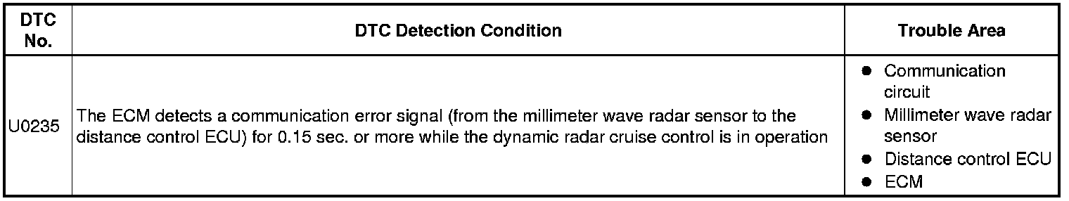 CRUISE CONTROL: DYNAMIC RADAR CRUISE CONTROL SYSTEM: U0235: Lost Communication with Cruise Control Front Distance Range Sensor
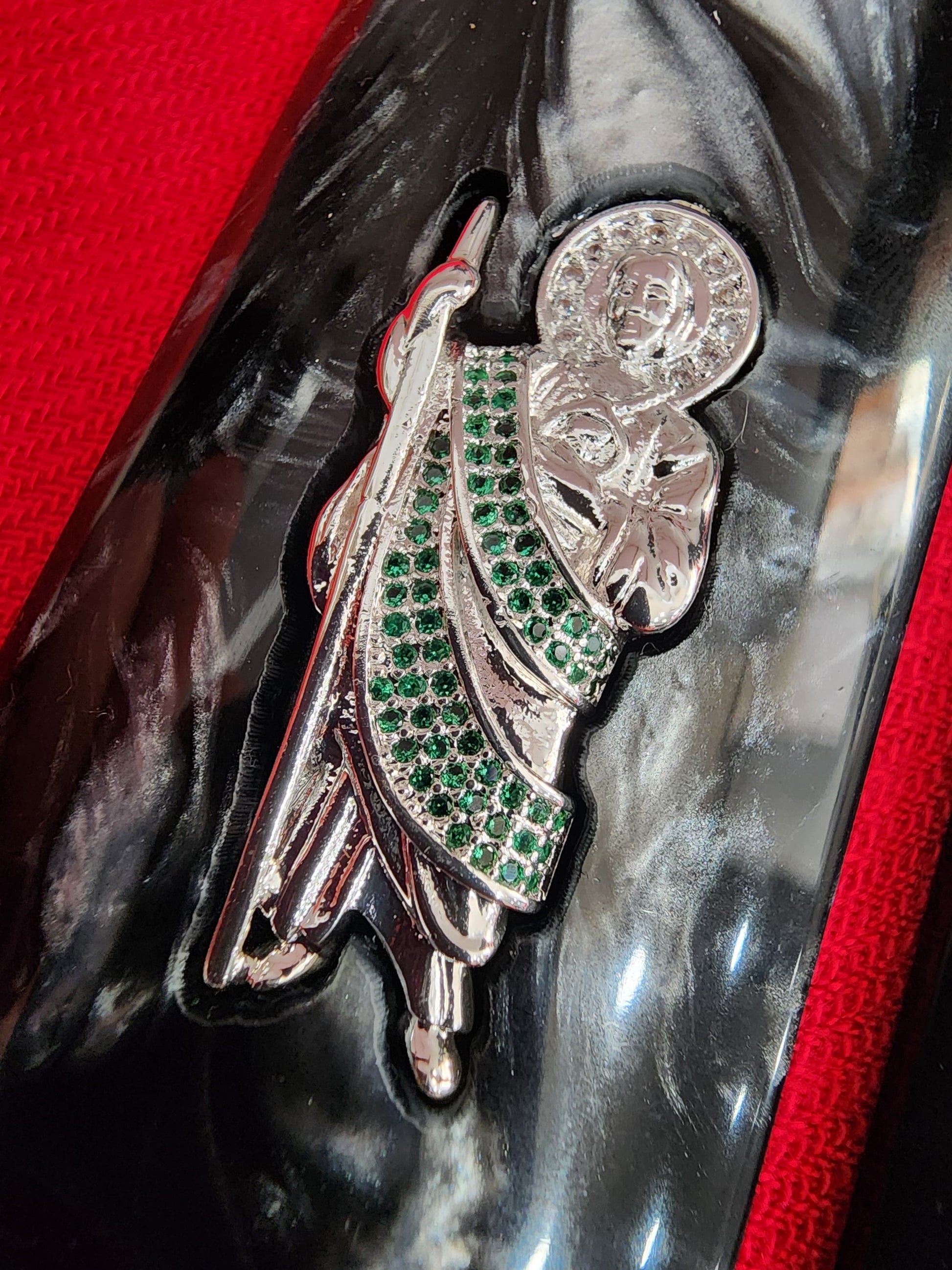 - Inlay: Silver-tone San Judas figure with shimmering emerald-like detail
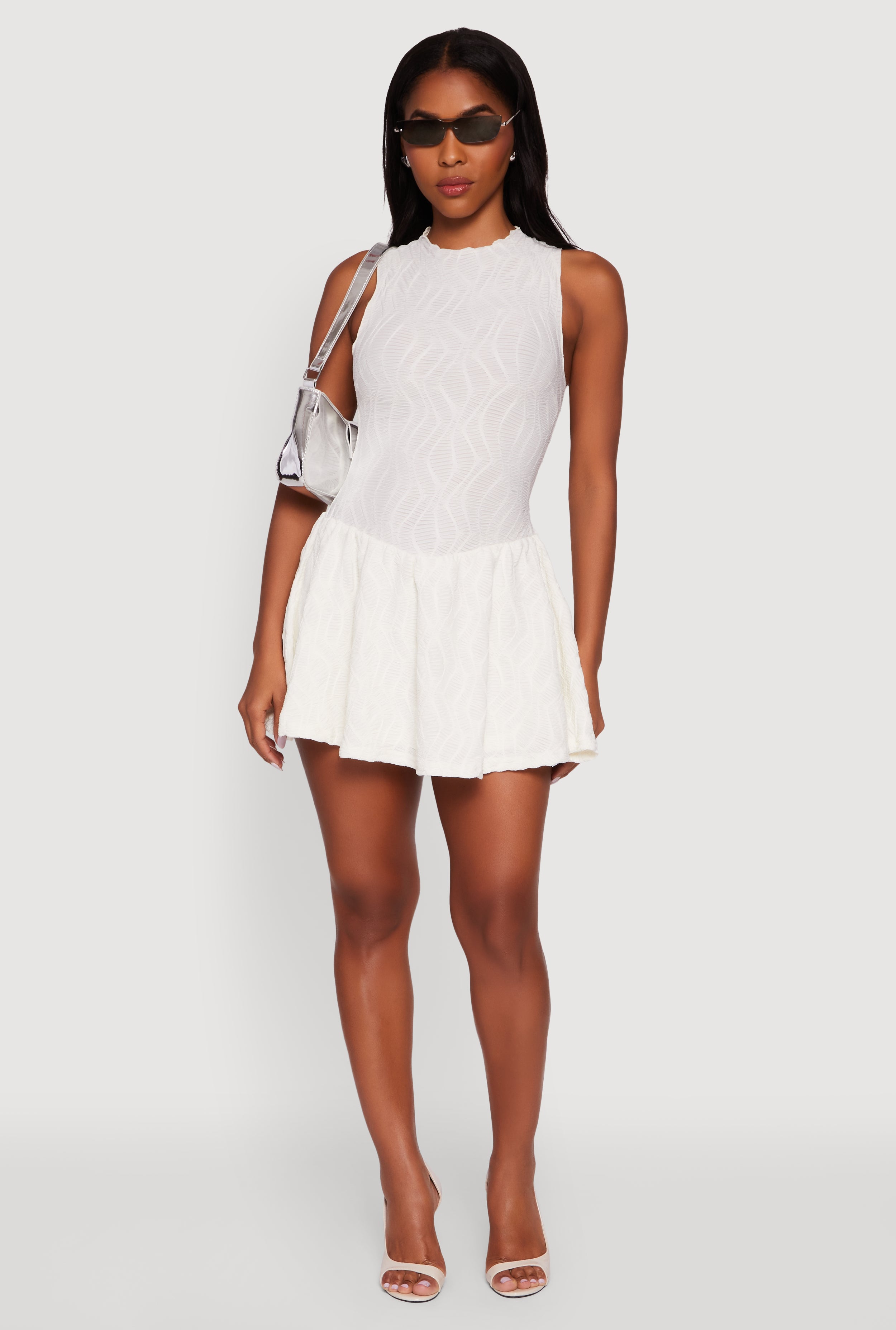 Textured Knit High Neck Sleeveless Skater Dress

#####

**Task**
Reproduce the lines above letter for letter. The pictures stay behind.

**Response to the task**
 CRUISE CONTROL: DYNAMIC RADAR CRUISE CONTROL SYSTEM: U0235: Lost Communication with Cruise Control Front Distance Range Sensor
 - Inlay: Silver-tone San Judas figure with shimmering emerald-like detail
 Textured Knit High Neck Sleeveless Skater Dress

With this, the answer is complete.